Rating:  Summary: Oates is right.... Review: Jonathan Safran Foer must have been one of those creative, mercurial children whose imagination got him into a lot of trouble with his parents. As a first-time novelist, his depth, his imaginative glances at love and life, his use of language, his wit all lend to a prodigious talent. The first thing that attracted me to the book was its cover, black and white and graffiti-like, but the clincher that made me purchase the book was its glowing recommendations by some of my favorite authors: Russell Banks (THE SWEET HEREAFTER and AFFLICTION), Jeffrey Eugenides (THE VIRGIN SUICIDES), and Joyce Carol Oates, who says the most accurate statement about the author: "He will win your admiration, and he will break your heart," which he thoroughly does without fear and without trepidation. There are three main characters: the hero, also called Jonathan Safran Foer, who travels to the Ukraine in an attempt to find a woman who once saved his grandfather from the Nazis. The story uses several Jewish anecdotes, but it does not get bogged down in Holocaust miseries. The tone remains triumphant, even among such miseries, tears, and pain. Alex, Foer's Ukrainian guide, is the life of the story though. He starts out hilarious with his overly-enthusiastic thesaurus usage (exchanging "exhausted" for "fatigued"---I fatigued the phone book looking for the number---or "dub" for "call"---Do not dub me that!), but we slowly learn about his true heart and love for his family. The sections of the novel in which Alex must translate that Foer is a vegetarian and does not eat meat are hilarious. Finally, in a fantastical history that Foer tells in order to describe his family heritage, we meet Brod, whose father is not her father, who is the envy of her town, and who loves a man who beats her. The mood of the novel switches rapidly, through romance, comedy, tragedy, sentimentalism, self-indulgence, irreverance, wit, charm, and magic, but mostly, Oates's quote tends to be the most true: Foer will break your heart, but he will heal it as well.
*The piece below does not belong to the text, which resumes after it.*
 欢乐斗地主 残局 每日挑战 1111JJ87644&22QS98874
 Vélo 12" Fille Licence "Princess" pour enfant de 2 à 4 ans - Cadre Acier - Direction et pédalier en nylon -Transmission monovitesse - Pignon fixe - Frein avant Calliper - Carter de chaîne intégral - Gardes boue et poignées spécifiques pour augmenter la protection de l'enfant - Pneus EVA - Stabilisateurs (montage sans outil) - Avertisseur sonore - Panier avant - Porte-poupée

Rating:  Summary: Not to be missed Review: It's very rare to find a novel this good, no matter what the age of the author. I think that this one will be remembered as one of the classics of late-20th c. (or is it early-21st c.?) fiction. The style reminds me of Swift, or, more recently, of Garbriel Garcia Marquez or John Barthes. Foer takes on grand themes with irreverent humor and a sense of the fantastic. His imagination ranges wildly, but he never loses touch with the human. I am looking forward to reading whatever he writes next.
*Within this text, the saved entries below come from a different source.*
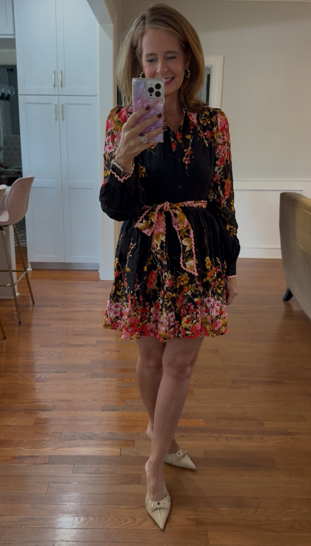 A modern update on the classic shirt dress, this style features a black base accented with a striking floral border print. The button-down front and waist tie create a tailored, flattering shape, while the flow of the fabric keeps it easy and refined. Versatile enough for day or evening, this dress balances structure and softness in all the right ways.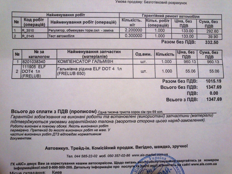 Еще наконец то оформили гарантийную замену на скрипучий регулятор тормозных усилий. Заказали, перезвоният когда приедет. Заодно получится бесплатная замена ТЖ раз в 3 года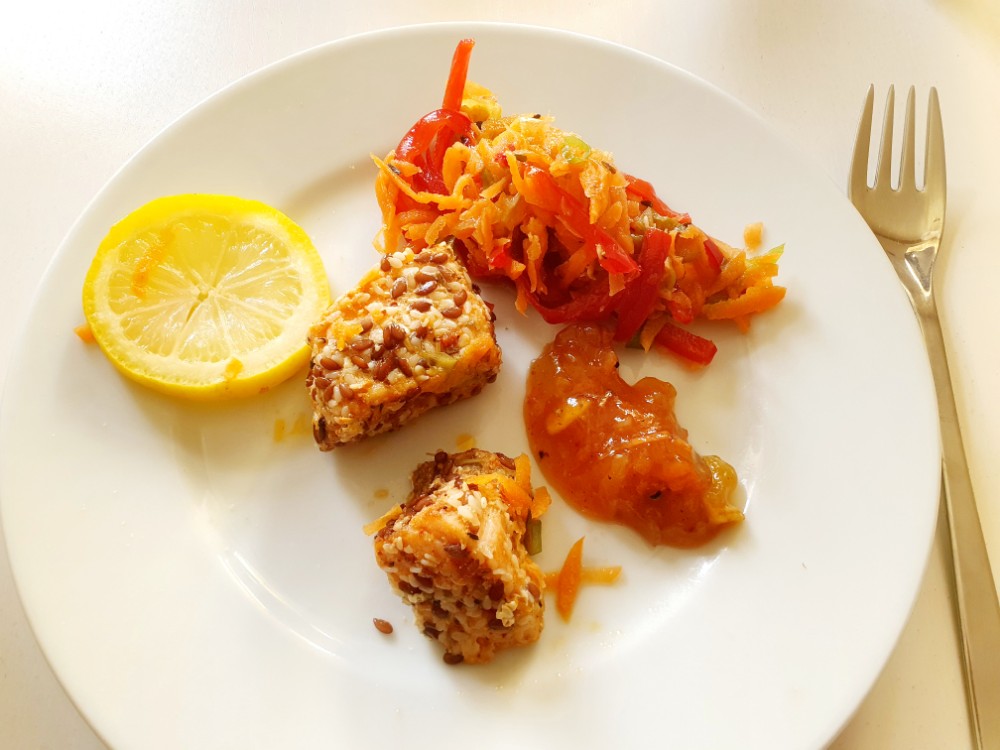 Am Sonntag sollte es ein Fisch-Gericht sein. Lachs schmeckt so herrlich – kurz in einer Honig-Senf-Dill-Marinde eingelegt – mit Reis und Buttermöhren angerichtet. Die Marinade war dann sogar noch als Soße sehr lecker, die zusätzliche Salatsoße (ebenfalls Honig-Senf) hatte es gar nicht gebraucht.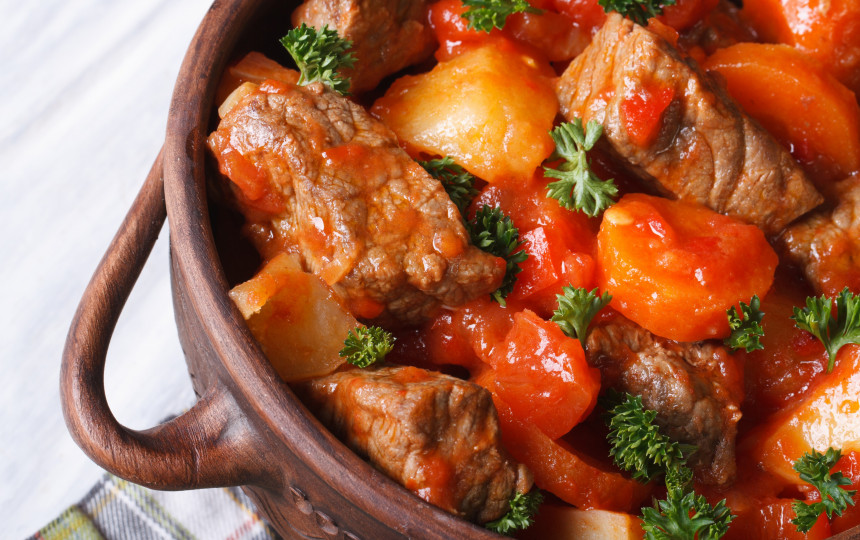 * Morkas nuskusti, nuplauti ir supjaustyti kubeliais ir suberti į svogūnus. Ten pat sudėti ir supjaustytą jautieną, supilti balzaminį actą ir maišant kepti dar maždaug 10-15 minučių.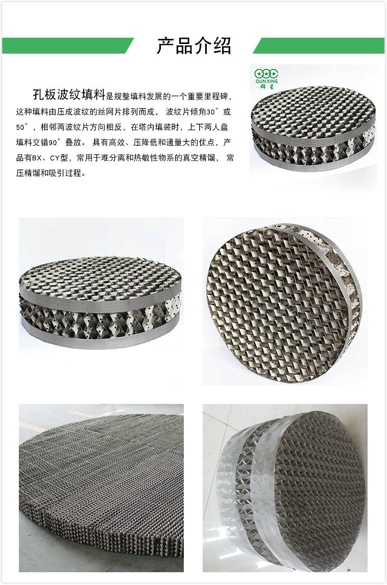 重點介紹金屬絲網(wǎng)波紋包裝,它是波紋包裝的主要方式,主要由金屬絲網(wǎng)制成,較常用的有不銹鋼、碳鋼、鋁、銅等,當然也可根據(jù)客戶需要選擇其他材料。雖然波紋金屬絲網(wǎng)填料的成本相對較高,但由于其分離能力強、比表面積大、空位率高、阻力小等優(yōu)點而得到廣泛應(yīng)用,特別是用于精細蒸餾和真空蒸餾設(shè)備,以及熱敏性材料的蒸餾。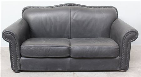 Divano a due posti imbottito e rivestito in pelle nera. Italia, anni '80. (cm 190x91x95) (lievi difetti)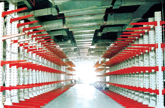 1、悬臂式货架有单臂和双臂之分,高效存储木料、管材、长条物等类似产品。悬臂式货架可由单个立柱片单元配以 悬臂通过水平拉杆、斜拉杆等连续组成多个单元系统。 2、悬臂式货架在质量、安全性和管理方面是行之有效的存储系统。立柱片由立柱和底座构成,立柱由两片特殊设计的C型钢对焊而成,这种结构充分利用材料的抗载容量,有着承载大、造价低的特点。 3、立柱预制双排孔,孔的节距为100mm,悬臂通过板销与立柱连接,可以以100mm为节距上下调节。 |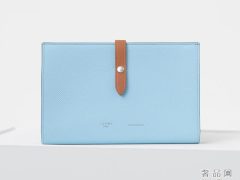 Celine Strap大号泳池蓝粒面小牛皮拼亮泽小牛皮多功能钱包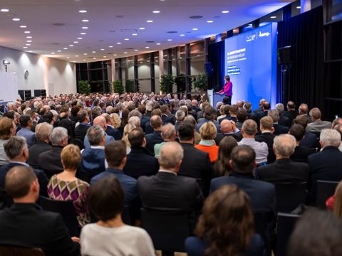 Am Dienstagabend versammelte sich eine neue Rekordzahl mit rund 400 Gästen im Betriebsrestaurant ANTONIS der Anton Häring KG in Bubsheim, um am 40. Innovationsforum in Kooperation mit der Interessengemeinschaft der Erwin-Teufel-Schule teilzunehmen. Für das Thema „Die klimaneutrale und digitale Mobilität der Zukunft – Chancen und Herausforderungen " referierte Hildegard Müller, Präsidentin des Verbandes der Automobilindustrie und ehemalige Staatsministerin der Regierung Angela Merkel.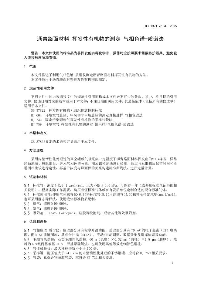 DB13/T 6184-2025 沥青路面材料 挥发性有机物的测定 气相色谱-质谱法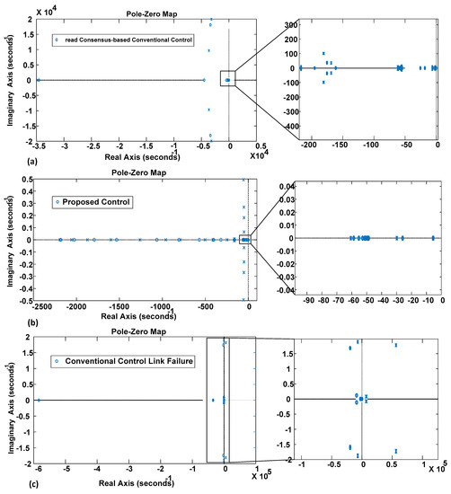 Pole-zero stability plot: (a) consensus-based conventional control; (b) proposed control; (c) conventional control link failure.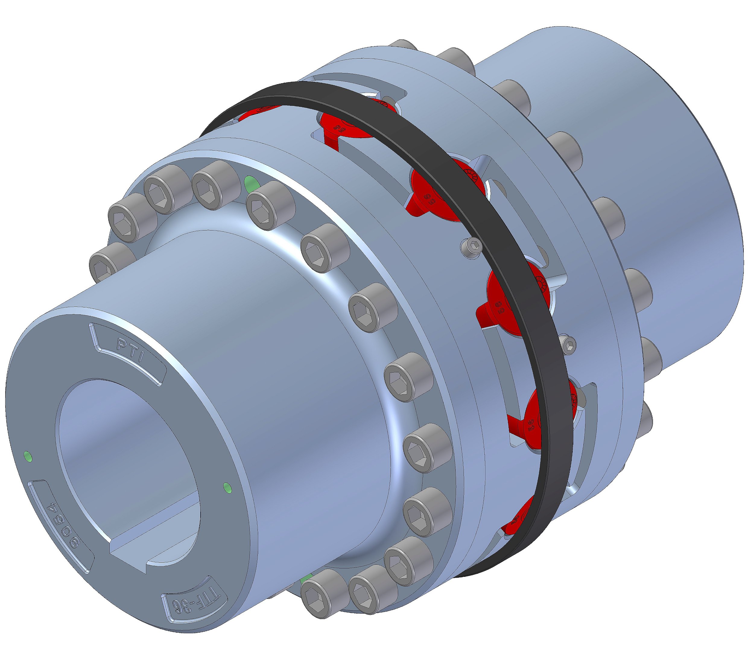 O acoplamento TTXL-M é composto por um cubo padrão com garras, um cubo adicional, um flange com garras e vários elementos elásticos dispostos radialmente entre as garras. Indicado onde existe um pequeno afastamento entre as pontas dos eixos. Permite a desmontagem radial de uma ou ambas máquinas acopladas. Permite trocar os elementos elásticos sem deslocá-las, bem como o acionamento independente da máquina acionada ou acionadora. Permite o giro independente de um dos eixos se necessário.

Rating:  Summary: I'm in love with Jonathan Safran Foer Review: When I read a piece of this book in The New Yorker some months back, I found myself laughing out loud with delight. (At the time I had a Ukrainian boyfriend struggling with his English, so I found Alex's mixed-up language both incredibly accurate and very close to home.) But I wasn't delighted merely because the writing is so clever. There is also something refreshingly innocent about Foer's writing, something that feels very pure, very new, and, well, BIG. I thought, "Thank God...a real talent arrives!" And the book bears that out. I look forward to the career of Jonathan Safran Foer...my new literary crush.